**Data records**
· · · · · · ·

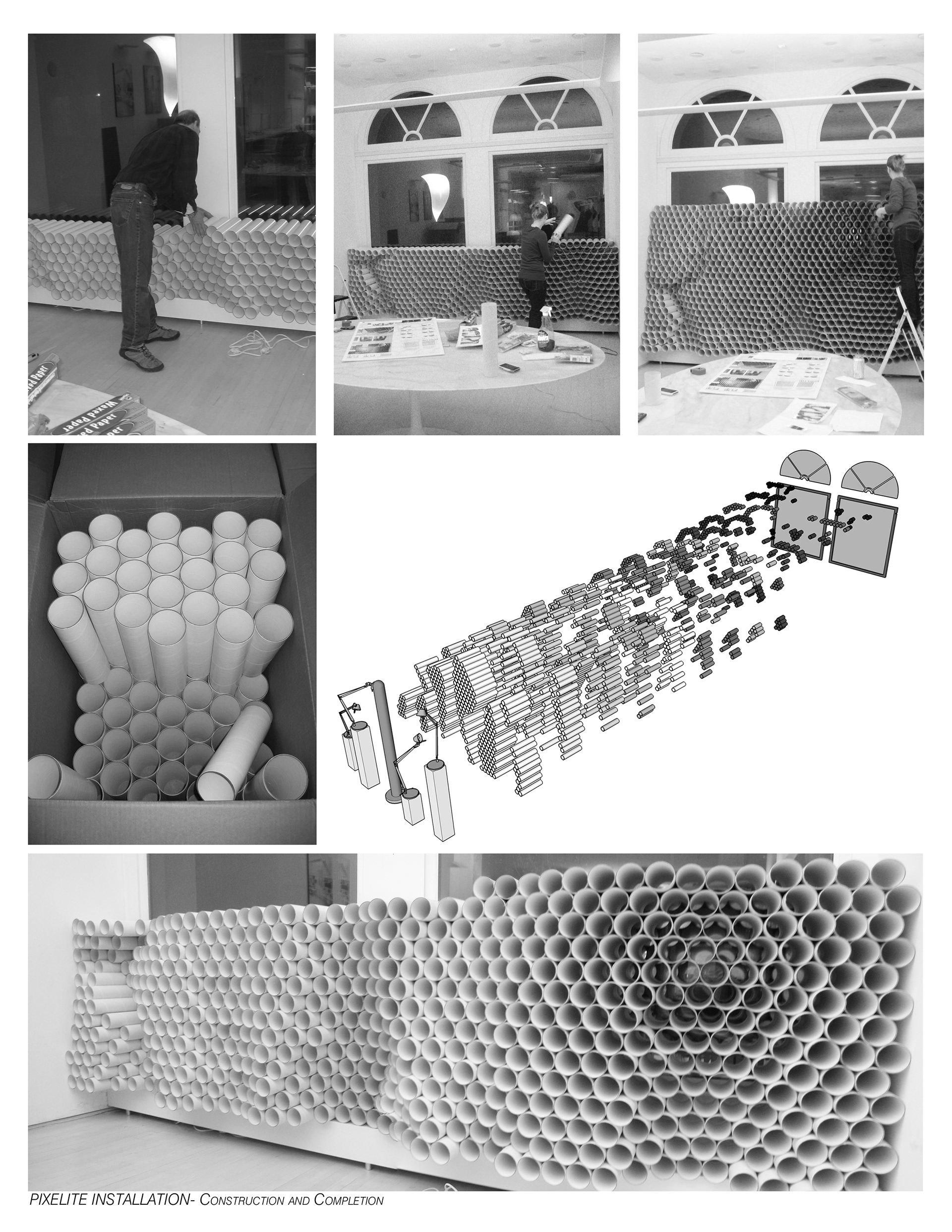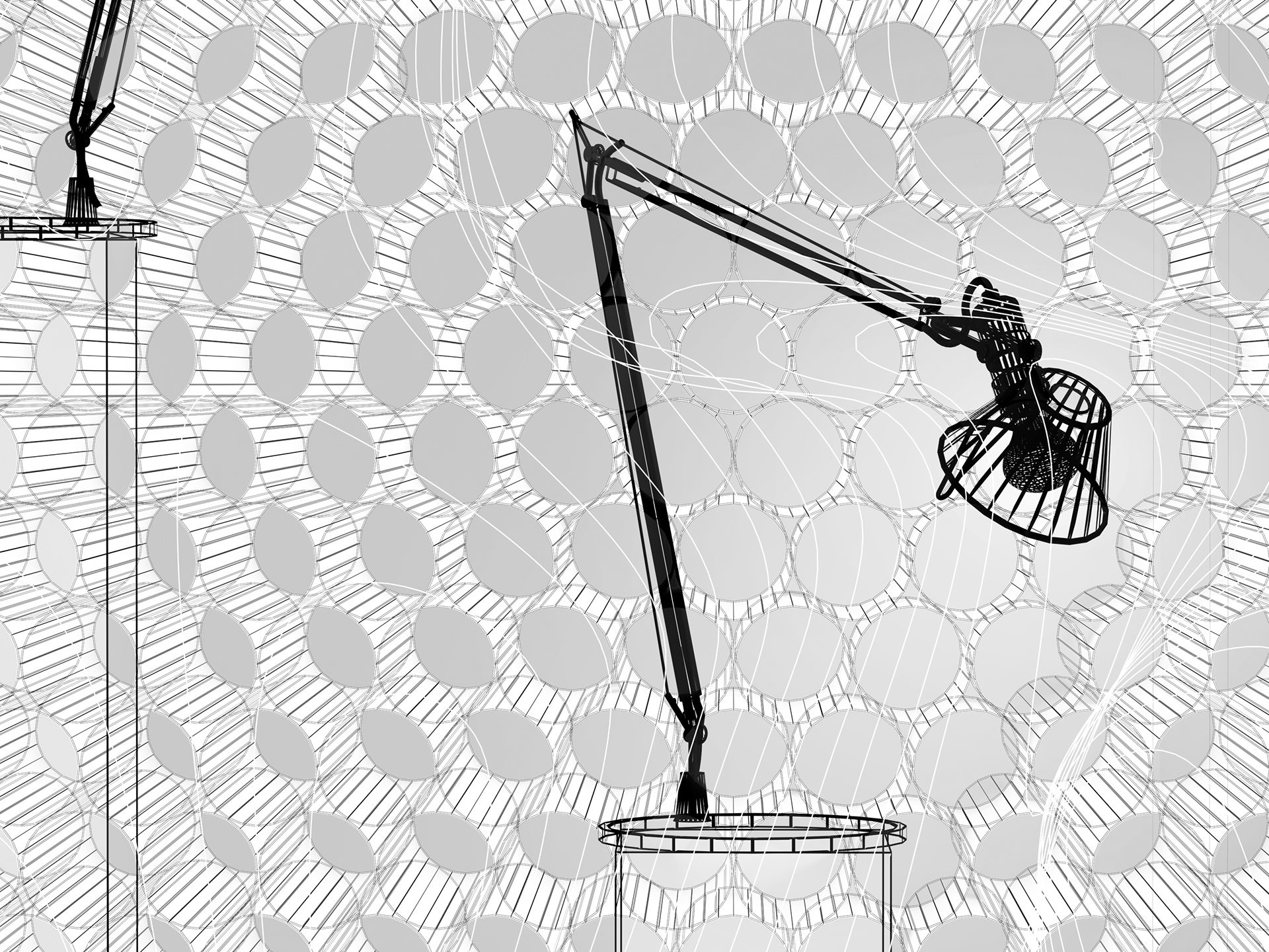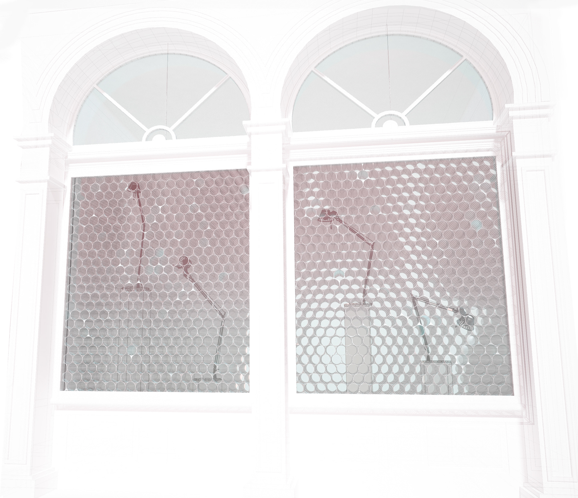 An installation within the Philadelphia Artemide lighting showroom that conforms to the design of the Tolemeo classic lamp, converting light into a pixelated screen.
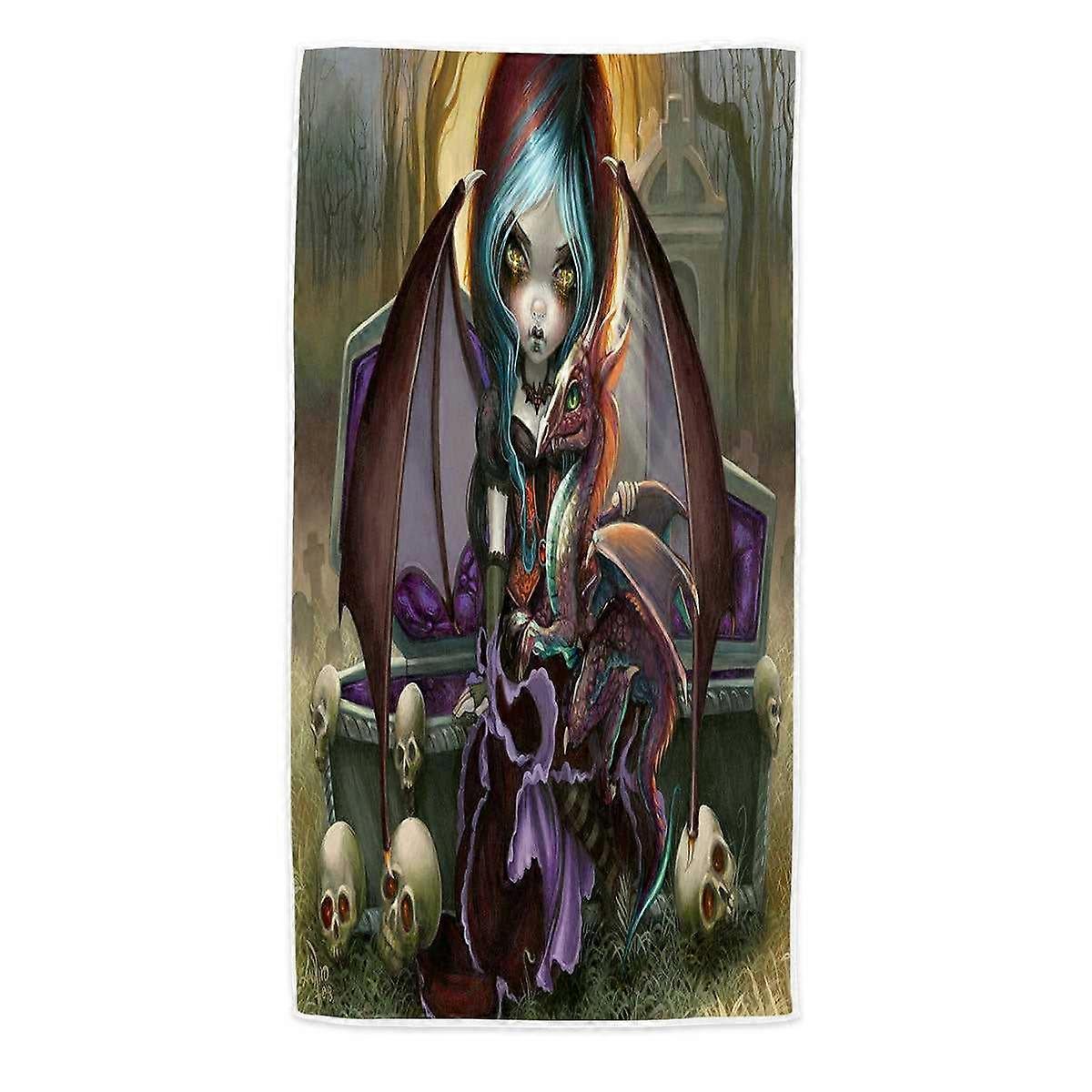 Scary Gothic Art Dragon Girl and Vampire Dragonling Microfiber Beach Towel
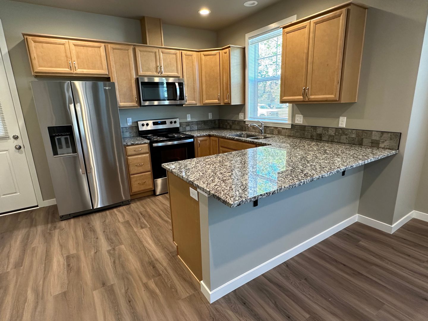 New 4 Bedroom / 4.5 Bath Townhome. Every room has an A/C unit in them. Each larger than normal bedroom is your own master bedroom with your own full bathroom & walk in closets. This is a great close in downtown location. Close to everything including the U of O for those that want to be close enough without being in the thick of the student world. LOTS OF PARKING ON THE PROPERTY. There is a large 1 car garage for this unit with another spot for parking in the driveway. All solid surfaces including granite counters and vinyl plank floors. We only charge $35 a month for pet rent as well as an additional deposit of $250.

· · · · · · ·

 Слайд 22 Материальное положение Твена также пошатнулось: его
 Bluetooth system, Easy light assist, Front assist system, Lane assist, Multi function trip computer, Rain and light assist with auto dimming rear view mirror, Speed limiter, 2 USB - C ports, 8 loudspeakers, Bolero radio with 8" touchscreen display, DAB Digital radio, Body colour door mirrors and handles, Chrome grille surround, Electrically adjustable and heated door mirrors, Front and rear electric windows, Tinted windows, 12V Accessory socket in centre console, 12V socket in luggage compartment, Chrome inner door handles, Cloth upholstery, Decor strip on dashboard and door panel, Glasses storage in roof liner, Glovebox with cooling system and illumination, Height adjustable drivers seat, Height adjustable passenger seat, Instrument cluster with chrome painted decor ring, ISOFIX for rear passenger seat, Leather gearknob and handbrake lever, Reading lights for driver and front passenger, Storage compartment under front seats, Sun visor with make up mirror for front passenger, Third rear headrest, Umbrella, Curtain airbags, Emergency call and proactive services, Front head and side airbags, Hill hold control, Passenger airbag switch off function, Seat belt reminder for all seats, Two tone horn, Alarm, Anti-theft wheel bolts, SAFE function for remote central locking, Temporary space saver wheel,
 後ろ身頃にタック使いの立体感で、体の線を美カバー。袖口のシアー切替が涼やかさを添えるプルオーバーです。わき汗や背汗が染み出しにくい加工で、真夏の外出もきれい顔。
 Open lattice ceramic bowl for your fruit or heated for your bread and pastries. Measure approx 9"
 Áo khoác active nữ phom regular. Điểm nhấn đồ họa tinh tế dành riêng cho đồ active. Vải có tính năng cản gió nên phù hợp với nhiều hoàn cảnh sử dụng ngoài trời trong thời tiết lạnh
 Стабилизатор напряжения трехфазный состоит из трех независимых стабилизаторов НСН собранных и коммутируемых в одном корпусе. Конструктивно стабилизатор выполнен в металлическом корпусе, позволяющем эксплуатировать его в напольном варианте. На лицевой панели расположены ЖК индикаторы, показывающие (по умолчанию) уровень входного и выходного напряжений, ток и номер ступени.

· · · · · · ·

Within these entries, output exactly the lines starting at the one with "An installation within" and finishing at the one with "Scary Gothic Art". Leave pictures out of the output.

 An installation within the Philadelphia Artemide lighting showroom that conforms to the design of the Tolemeo classic lamp, converting light into a pixelated screen.
 Scary Gothic Art Dragon Girl and Vampire Dragonling Microfiber Beach Towel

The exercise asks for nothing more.